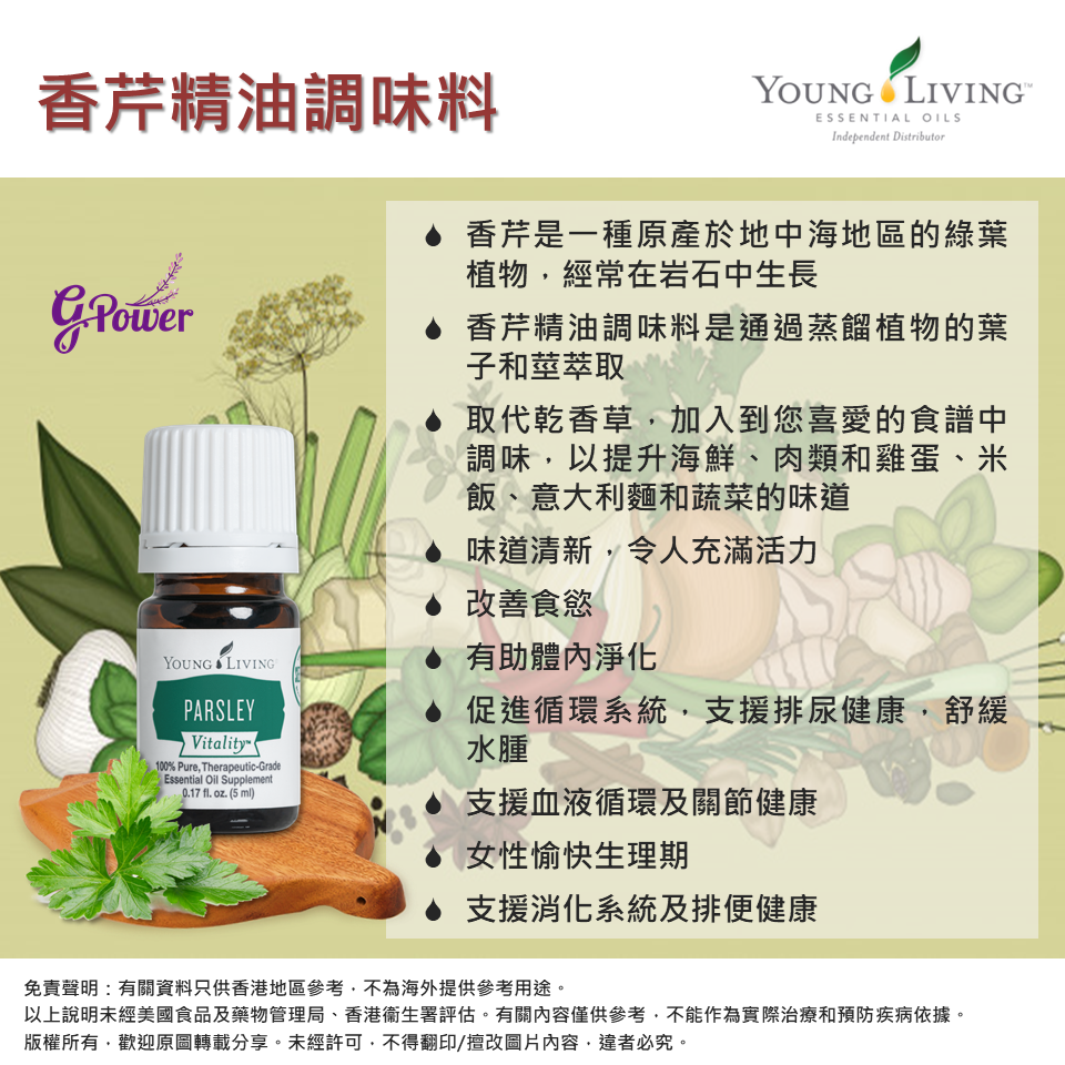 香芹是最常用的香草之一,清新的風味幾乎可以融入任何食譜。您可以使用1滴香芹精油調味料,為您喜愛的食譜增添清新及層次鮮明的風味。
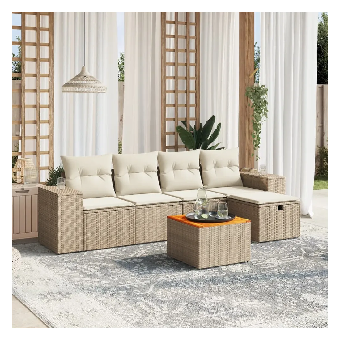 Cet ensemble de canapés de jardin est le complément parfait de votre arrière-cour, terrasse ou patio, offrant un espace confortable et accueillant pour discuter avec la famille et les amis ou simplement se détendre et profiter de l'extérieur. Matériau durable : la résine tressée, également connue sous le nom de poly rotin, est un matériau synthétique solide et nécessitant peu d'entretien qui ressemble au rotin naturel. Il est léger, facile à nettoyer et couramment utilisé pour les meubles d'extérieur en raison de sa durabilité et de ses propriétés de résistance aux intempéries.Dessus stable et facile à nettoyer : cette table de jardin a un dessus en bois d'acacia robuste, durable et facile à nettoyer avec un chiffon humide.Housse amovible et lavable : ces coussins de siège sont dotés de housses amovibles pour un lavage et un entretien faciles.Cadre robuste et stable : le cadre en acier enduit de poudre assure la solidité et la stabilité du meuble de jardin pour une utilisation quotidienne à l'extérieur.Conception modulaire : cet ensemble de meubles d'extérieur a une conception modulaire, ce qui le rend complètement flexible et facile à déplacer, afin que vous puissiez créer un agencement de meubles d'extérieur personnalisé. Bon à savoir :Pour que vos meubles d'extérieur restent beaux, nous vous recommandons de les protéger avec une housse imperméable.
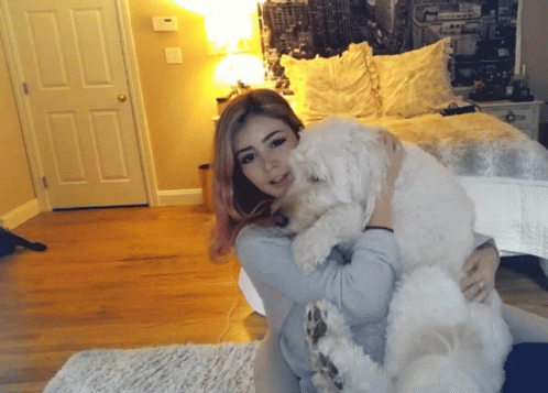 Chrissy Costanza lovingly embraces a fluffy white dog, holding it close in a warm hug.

◆ ◆ ◆ ◆ ◆

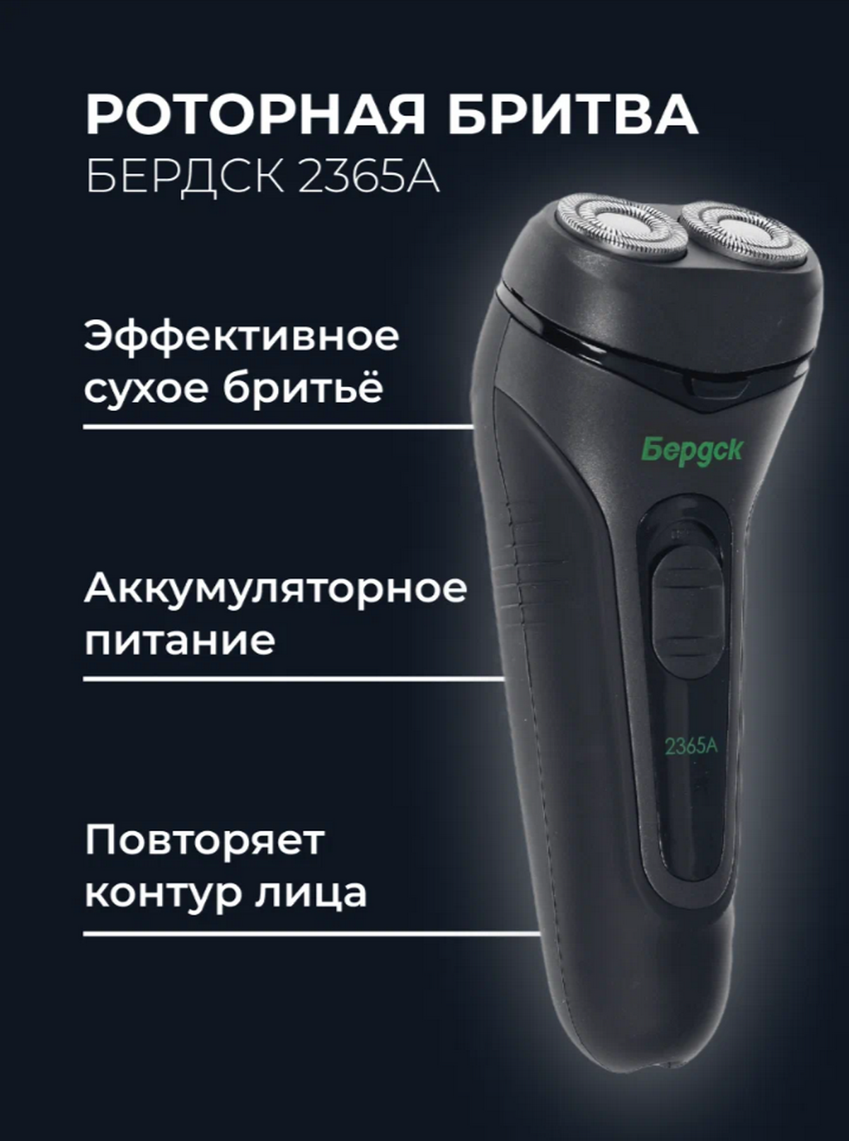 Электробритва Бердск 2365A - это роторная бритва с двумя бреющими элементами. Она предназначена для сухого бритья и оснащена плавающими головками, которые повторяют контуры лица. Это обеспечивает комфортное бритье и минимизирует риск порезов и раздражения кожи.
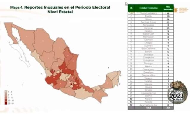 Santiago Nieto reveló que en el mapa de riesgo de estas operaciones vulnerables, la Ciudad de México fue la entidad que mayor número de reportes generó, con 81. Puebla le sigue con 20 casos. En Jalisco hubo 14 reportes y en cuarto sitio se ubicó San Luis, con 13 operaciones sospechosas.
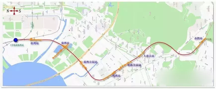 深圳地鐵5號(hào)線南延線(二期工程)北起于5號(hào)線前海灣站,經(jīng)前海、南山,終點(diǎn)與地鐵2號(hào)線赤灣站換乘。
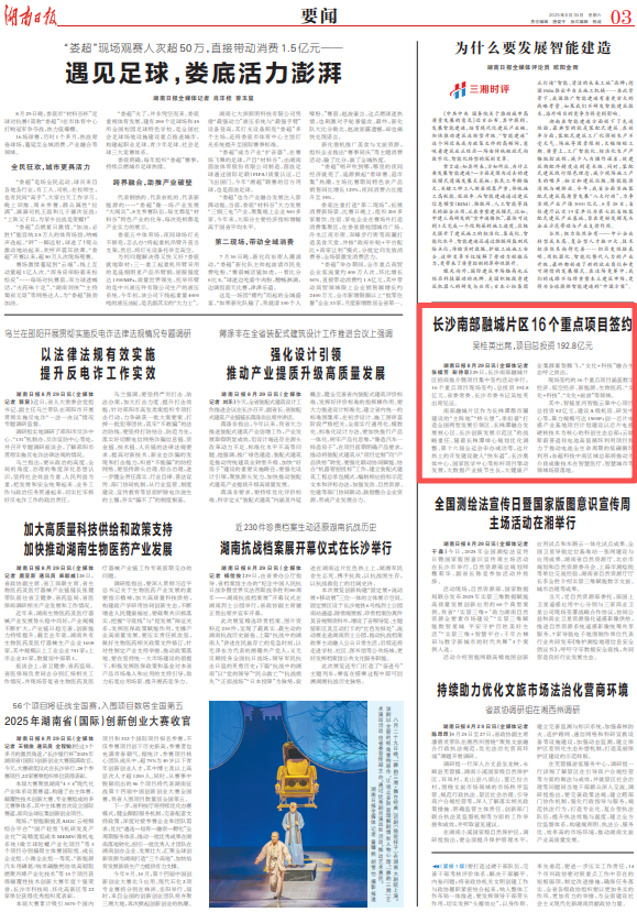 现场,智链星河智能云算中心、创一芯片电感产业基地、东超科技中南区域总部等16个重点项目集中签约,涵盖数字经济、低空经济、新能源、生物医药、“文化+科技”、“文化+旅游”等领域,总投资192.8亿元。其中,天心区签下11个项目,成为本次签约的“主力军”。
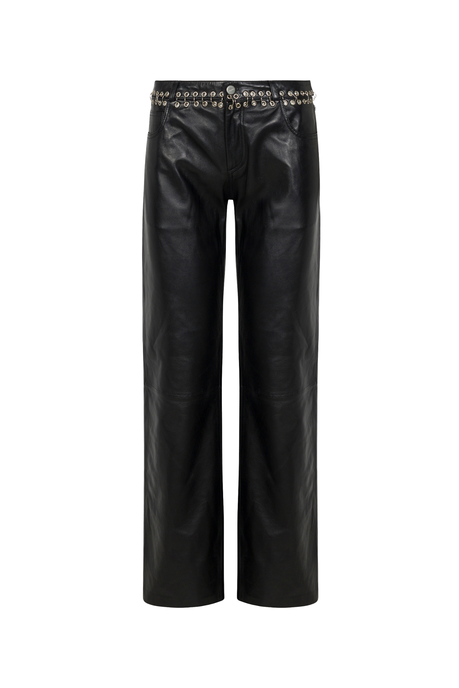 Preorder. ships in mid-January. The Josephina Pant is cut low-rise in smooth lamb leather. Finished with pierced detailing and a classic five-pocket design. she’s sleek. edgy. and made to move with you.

◆ ◆ ◆ ◆ ◆

◆ **WHAT IS NEEDED**: Set down exactly the lines above, from the line containing "Электробритва Бердск 2365A" through the line containing "Preorder. ships in". Skip the pictures.

◆ **RESPONSE TO THE TASK**:
 Электробритва Бердск 2365A - это роторная бритва с двумя бреющими элементами. Она предназначена для сухого бритья и оснащена плавающими головками, которые повторяют контуры лица. Это обеспечивает комфортное бритье и минимизирует риск порезов и раздражения кожи.
 Santiago Nieto reveló que en el mapa de riesgo de estas operaciones vulnerables, la Ciudad de México fue la entidad que mayor número de reportes generó, con 81. Puebla le sigue con 20 casos. En Jalisco hubo 14 reportes y en cuarto sitio se ubicó San Luis, con 13 operaciones sospechosas.
 深圳地鐵5號(hào)線南延線(二期工程)北起于5號(hào)線前海灣站,經(jīng)前海、南山,終點(diǎn)與地鐵2號(hào)線赤灣站換乘。
 现场,智链星河智能云算中心、创一芯片电感产业基地、东超科技中南区域总部等16个重点项目集中签约,涵盖数字经济、低空经济、新能源、生物医药、“文化+科技”、“文化+旅游”等领域,总投资192.8亿元。其中,天心区签下11个项目,成为本次签约的“主力军”。
 Preorder. ships in mid-January. The Josephina Pant is cut low-rise in smooth lamb leather. Finished with pierced detailing and a classic five-pocket design. she’s sleek. edgy. and made to move with you.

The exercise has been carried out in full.